Background information

Enterprise-J, dorsal view

Doug Drexler's Enterprise-J

The Enterprise-J's exterior was seen only in the background in the form of graphics on a computer screen. A CGI model of the ship was built by production illustrator Doug Drexler. According to Robert Bonchune, "From what I understand, it was done quick and dirty, so was not really detailed in any way like a model we would use in multiple shots." [1] Drexler himself explained, "With two days before a production meeting [I had] to think fast and not obsess… especially since I wanted [Production Designer] Herman [Zimmerman] to be able to show a rendered animation of the ship in flight [....] If we had a few weeks, it would have finalized differently. As it was, the model was bashed out in a matter of hours." [X]wbm

One concept for this type of ship that came under consideration was the Altair-class, which had previously been submitted (without being approved) for both the USS Voyager and Enterprise NX-01. Doug Drexler recalled, "I would sleek it somewhat, and rebuilt it in Lightwave. No luck that time either (although the engines would end up on the approved J ship)." [X]wbm A computer-animated sequence showing the exterior of this design while in spaceflight was generated while the idea of using it as the Enterprise-J was still being considered. (The sequence can be viewed herewbm). [X]wbm Once the approved Enterprise-J saucer section was mated with the Altair-class wingship, the design became known as the Congo-class, which turned out to be another unapproved runner-up for the eventual Enterprise-J design. [X]wbm

An official class name for this type of ship has not been confirmed, although Doug Drexler approves of "Universe-class." [X]wbm He also estimates the length of the vessel as being about two miles. [X]wbm Drexler saw the Enterprise-J "as a multi-generational vessel, that had large parks, entertainment zones, and entire universities on board. The ship is so large that turbolifts would be replaced with site to site transporters. [It] had one deflector, recognizably descended from the NX. I opted for spindly nacelle struts because I felt it suggested a technology beyond what we were familiar with. They are beyond transwarp. They can fold space, and they are exploring other galaxies besides the Milky Way." [X]wbm

Set designer Lee Cole was involved in planning the Enterprise-J's interior, a task she considered "one interesting thing I did." She went on to relate, "That was really startling when they said 'OK, you're going to do a future ship that goes even further into the future.' We're already in the future, and now you have to think of what the future looks like 400 years ahead of Archer's future! This set looks like a big graphic design because it has all these plant-on panels in very intricate designs and from different sources of inspiration." (Star Trek: Communicator issue 152, pp. 42-43) The doors shown in the corridors aboard the Enterprise-J appear to be the same used aboard Deep Space 9.

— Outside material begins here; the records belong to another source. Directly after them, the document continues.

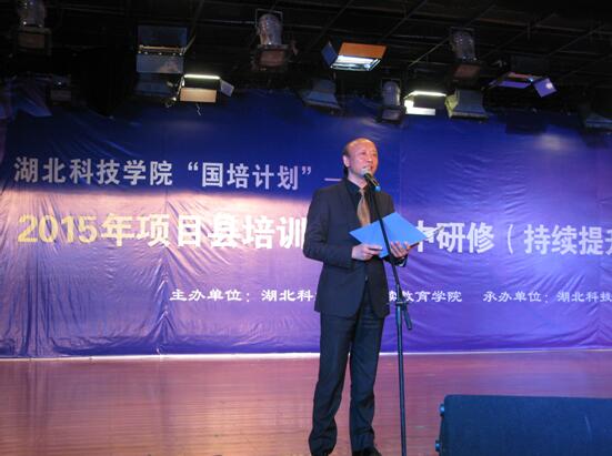10月24 日晚7点30分,由williamhill英国主办、音乐学院、外国语学院承办的williamhill英国中文“国培计划”2015年项目县培训团队集中研修(持续提升)结业典礼暨汇报演出在图书馆学术报告厅成功举行。出席本次活动的领导有:校党委常委、副校长白育庭;williamhill英国院长石正义;williamhill英国党总支书记邹绍华;音乐学院党总支书记王森林;外国语学院党总支副书记吕仲茂;外国语学院副院长肖水来;教育学院党总支副书记刘之杨;williamhill英国副院长王思泓;williamhill英国分管国培副院长刘世雄;国培课程专家、教育学院教授刘宗南。
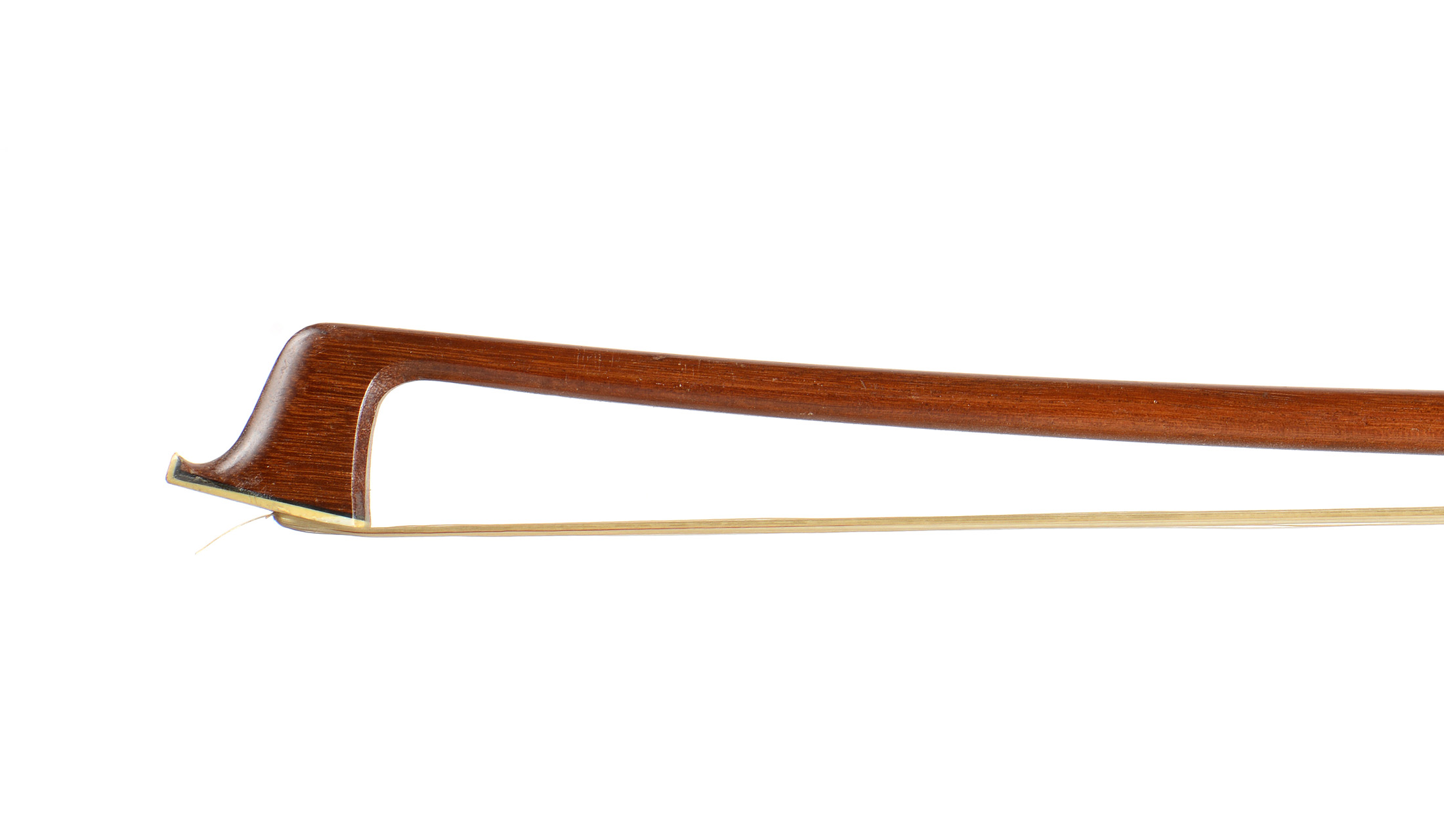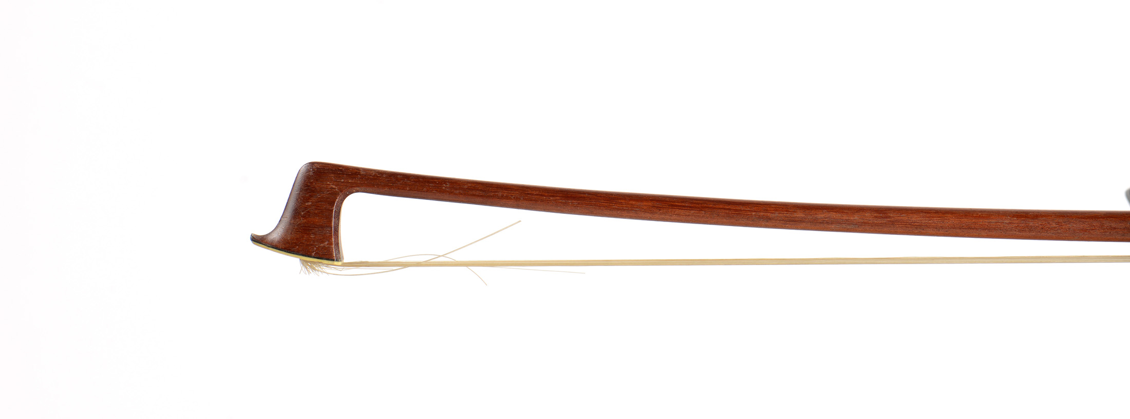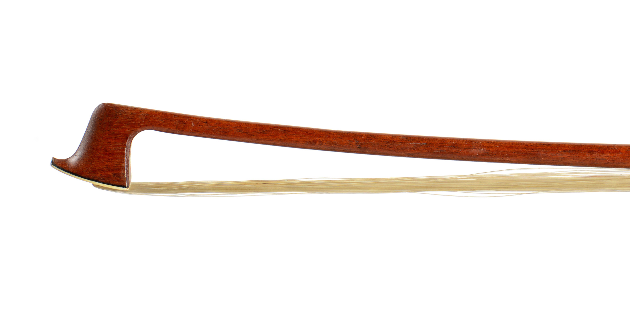 Trois archets de violon ARY FRANCE: Un archet de violon 3/4, en bois de pernambouc, dont il porte la marque au fer. Un archet de violon 1/2, en bois de pernambouc, dont il porte la marque au fer. Un archet d'alto, Hausse ébène montée maillechort avec grain cerclé.
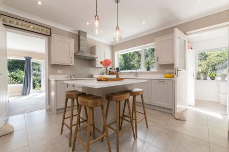 The accommodation comprises: entrance hallway with parquet flooring, refitted kitchen with a range of hand-painted wall and base units, quartz worktops, built-in double oven, hob with extractor hood over, integrated dishwasher and fridge/freezer, island unit with seating area and door leading into the utility room. The lounge/dining room is a bright dual-aspect room offering a lovely aspect over the gardens with French doors onto the garden. There are 4 bedrooms; the master has a range of built-in mirrored door wardrobes, engineered oak flooring and a refitted en-suite with fully tiled walls and flooring. Bedroom 2 also has built-in wardrobes and bedroom 3 also has parquet flooring. There is also a refitted family bathroom suite with tiled flooring. The property also has double-glazed windows and gas central heating.
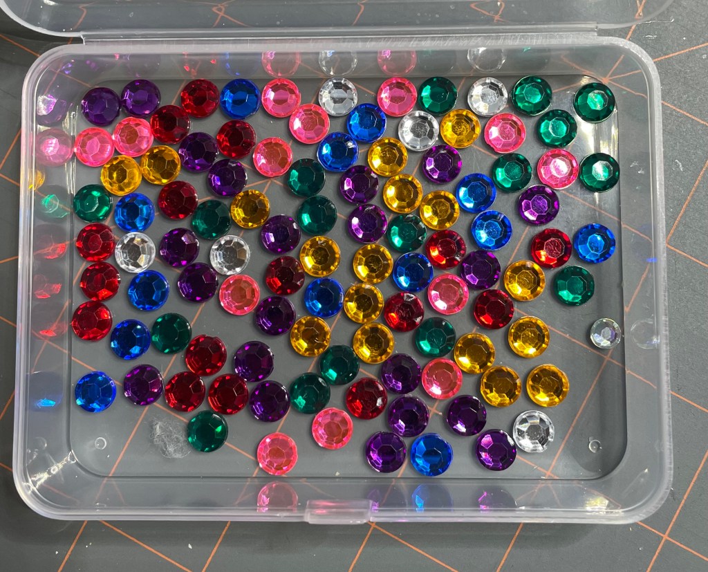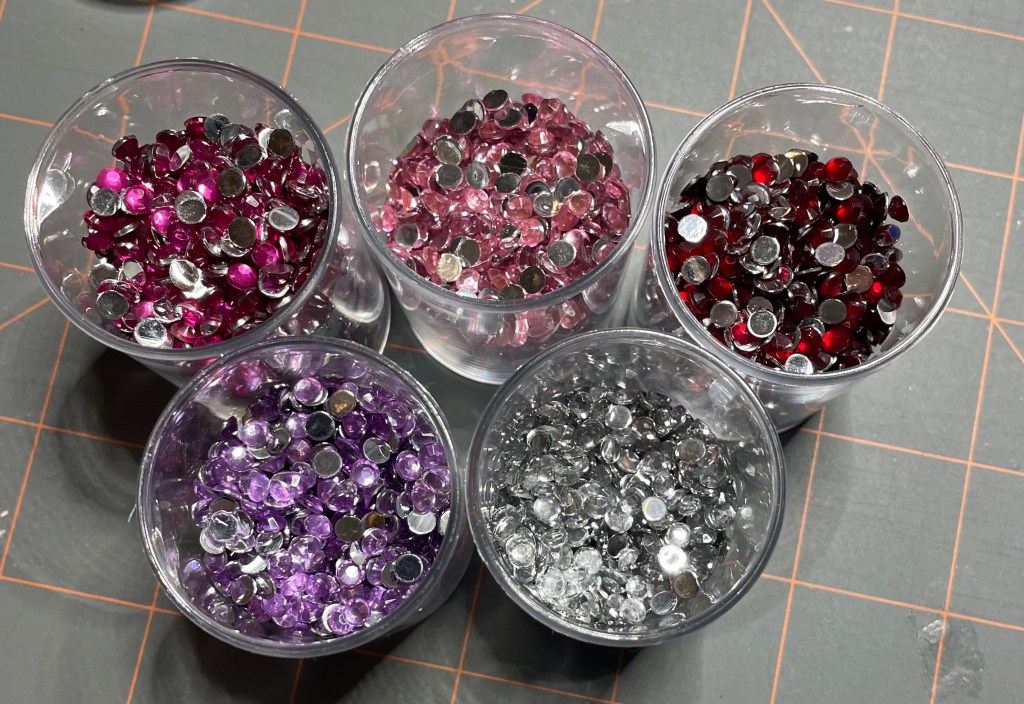 Rhinestones in several colors and a couple of different sizes, all purchased from Amazon, also to be used on Christmas frames for my daughter.

Scenic artist James Van Over contributed to the design of the Enterprise-J's interior by rendering some on-board graphics. "We needed futuristic monitors, and Jim Van Over did some wonderful video for those," remembered Lee Cole. "I had circular monitor screens in different shapes, and when he put his stuff onto the television monitors it was quite a trick to get them to line up. But the finished product was amazing–his radiuses fit exactly inside my radiuses." (Star Trek: Communicator issue 152, p. 43)


The 2005 Star Trek: Ships of the Line calendar later featured a specially-created, fully-rendered image of the Enterprise-J in flight.